The Police, he explained, will reinforce the ministry’s quality assurance team in monitoring the quality of seeds distributed by seed companies and protecting the farmers from counterfeit agricultural inputs by ensuring that they do not reach the market.
This Police, he added, will also help to ensure the veterinary quarantines are adhered to.
“The sale of counterfeit inputs is a big problem. That is partly why we need the Police to help us detect and stop the circulation of such inputs in the market,” Bucanayandi said.
However, the minister could not tell when and where the Police unit will be constituted and deployed.
“We have agreed in principle that we should have our own Police unit. But we have not yet agreed on the numbers and where they will be deployed,” he added.
This comes after President Yoweri Museveni introduced the UPDF soldiers in the distribution and monitoring of the National Agricultural Advisory Services (NAADS) activities.
Close to 300 soldiers were deployed in constituencies recently after undertaking training in agriculture at Makerere University.
Police boss Gen Kale Kayihura shows residents of Lambu landing site, Masaka district copies of authorised identity cards for Fisheries officers in 2010. PHOTO/Dismus Buregeya
The minister revealed that the Police will also patrol the lakes at night to check the use of outlawed fishing gear.

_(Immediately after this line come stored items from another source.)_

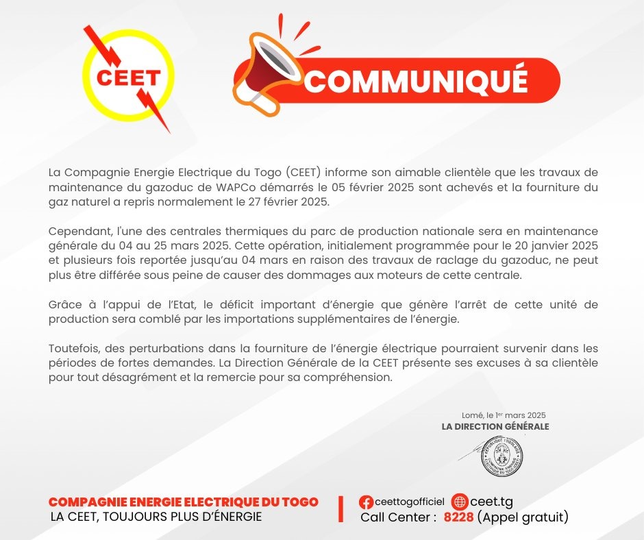 La Compagnie Energie Electrique du Togo (CEET) a annoncé la fin des travaux de maintenance sur le gazoduc de WAPCO, qui avaient débuté le 5 février 2025. La fourniture de gaz naturel a repris normalement le 27 février 2025. Cependant, la CEET informe également ses clients qu’une de ses centrales thermiques sera en maintenance générale du 4 au 25 mars 2025. C’est l’information qu’on peut lire à travers un communiqué signé du 1 mars par la direction générale.
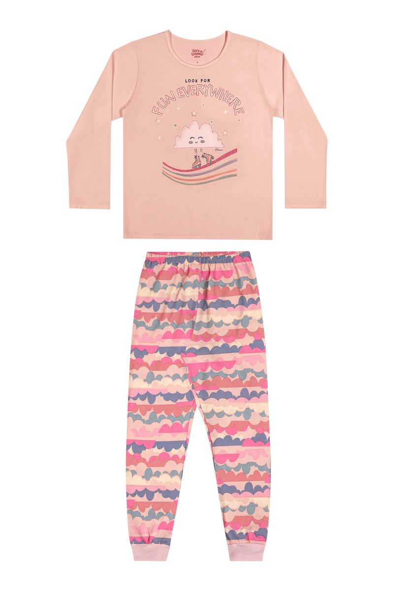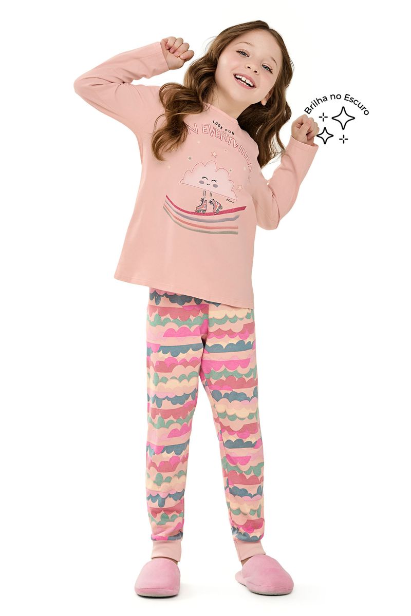 Pijama Infantil Menina Longo Nuvens Brilha no Escuro Elian Rosa REF: 13124-4119
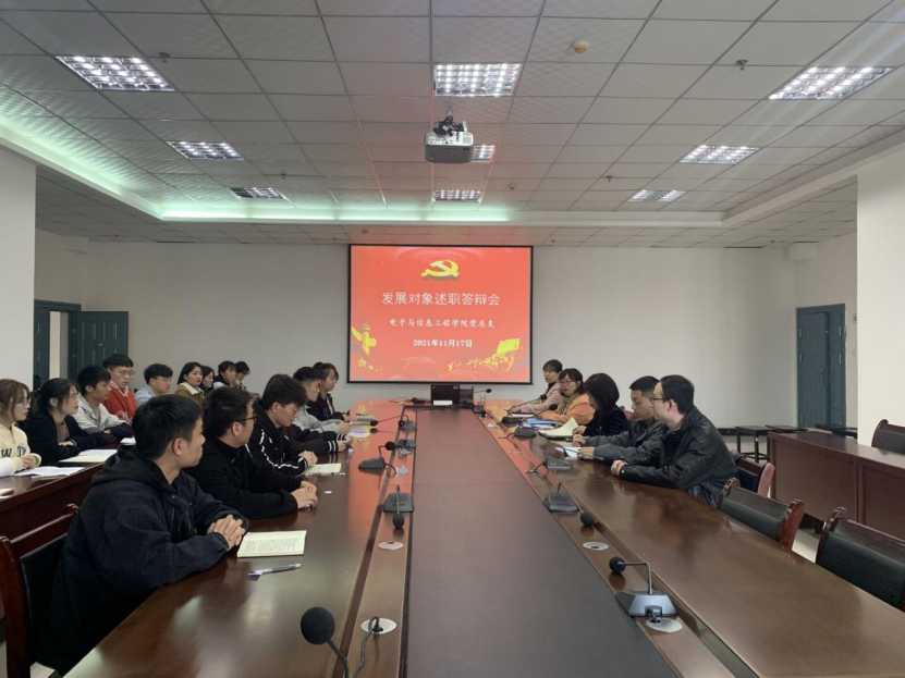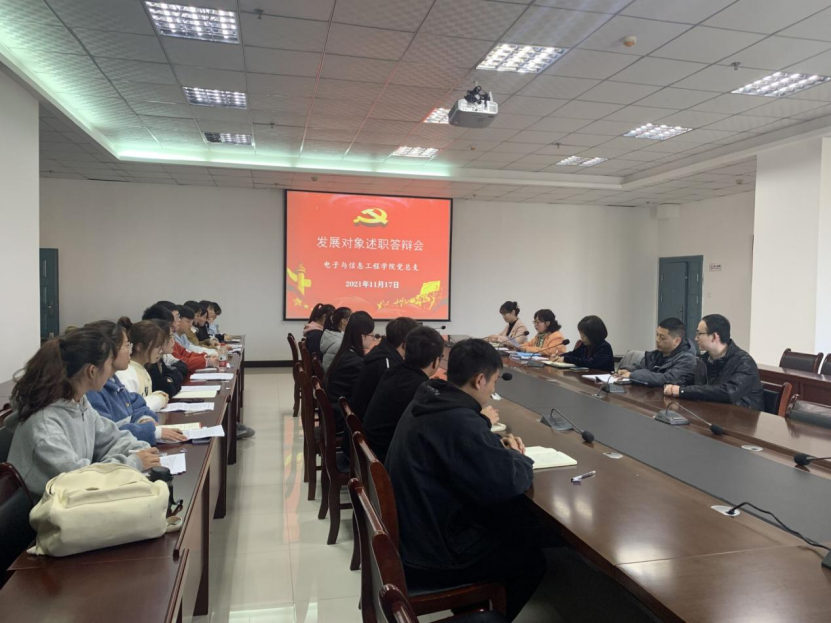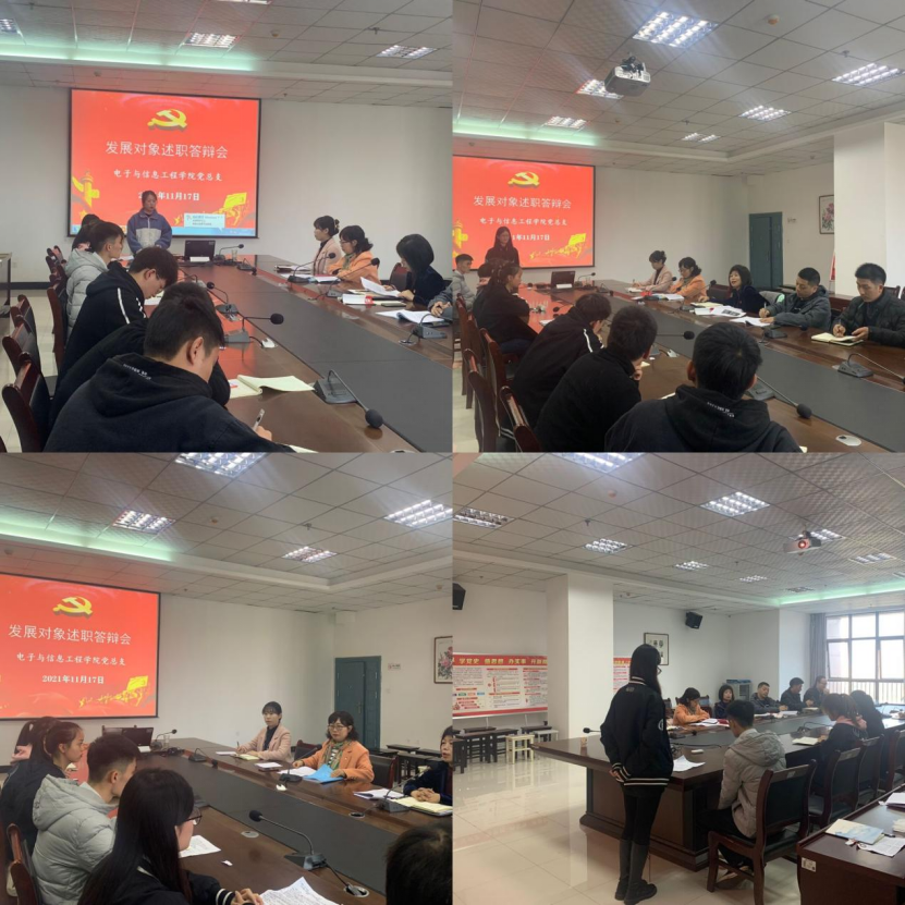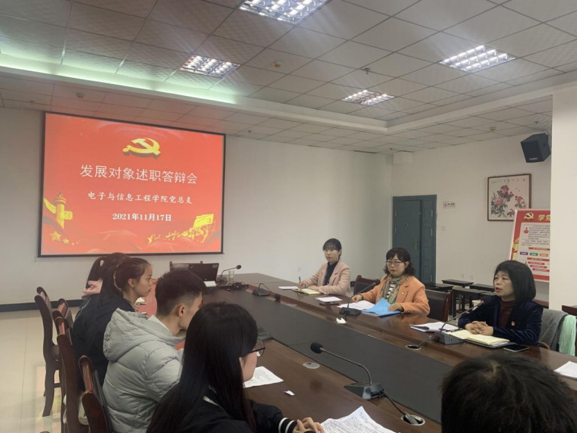 2021年11月17日下午,电子与信息工程学院党总支在逸夫科技楼九楼会议室召开发展对象述职答辩会。党总支书记于咏梅,副书记蔡正旺,组织委员成英丽,学生第一党支部书记程晓梅、支委张宇航,学生第二党支部书记李章雨、支委石纭昊以及学院全体第23期发展对象参加答辩会。会议由党总支组织委员成英丽主持。
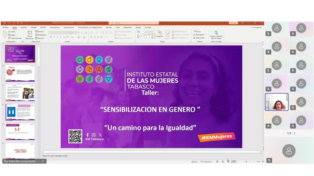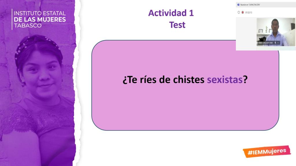 El Instituto Estatal de las Mujeres a través de la Subdirección de Fortalecimiento Territorial, llevó a cabo la Capacitación: "Sensibilización en Género", dirigido a las maestras y maestros del Instituto Tecnológico Superior del Municipio de Macuspana, con el objetivo proporcionar a las y los participantes los conceptos básicos de género para promover la igualdad a través de la equidad y contribuir a construir una sociedad en donde las mujeres y los hombres tengan el mismo valor, la igualdad de derechos y las mismas oportunidades.

He told the board members at the ministry headquarters in Entebbe that the ministry has drafted a national seed policy to fight fake and low quality seeds on the market.
“This is in advanced stages and it will be at cabinet level soon. Your success will be measured on how fast you will multiply the seeds and increase access to good quality seeds,” he said.
The 25 registered seed companies, Bucanayandi observed, can provide about 20% of the seeds needed by farmers.
“This means 80% of the seeds are of poor quality and that explains the low farm productivity,” he said.
Dr. Imelda Kashaija, the deputy director general of the National Agricultural Research Organisation, said the Police should always be called in when compliance has failed.
She explained that many farmers plant grains instead of seeds, which accounts for the low agricultural productivity.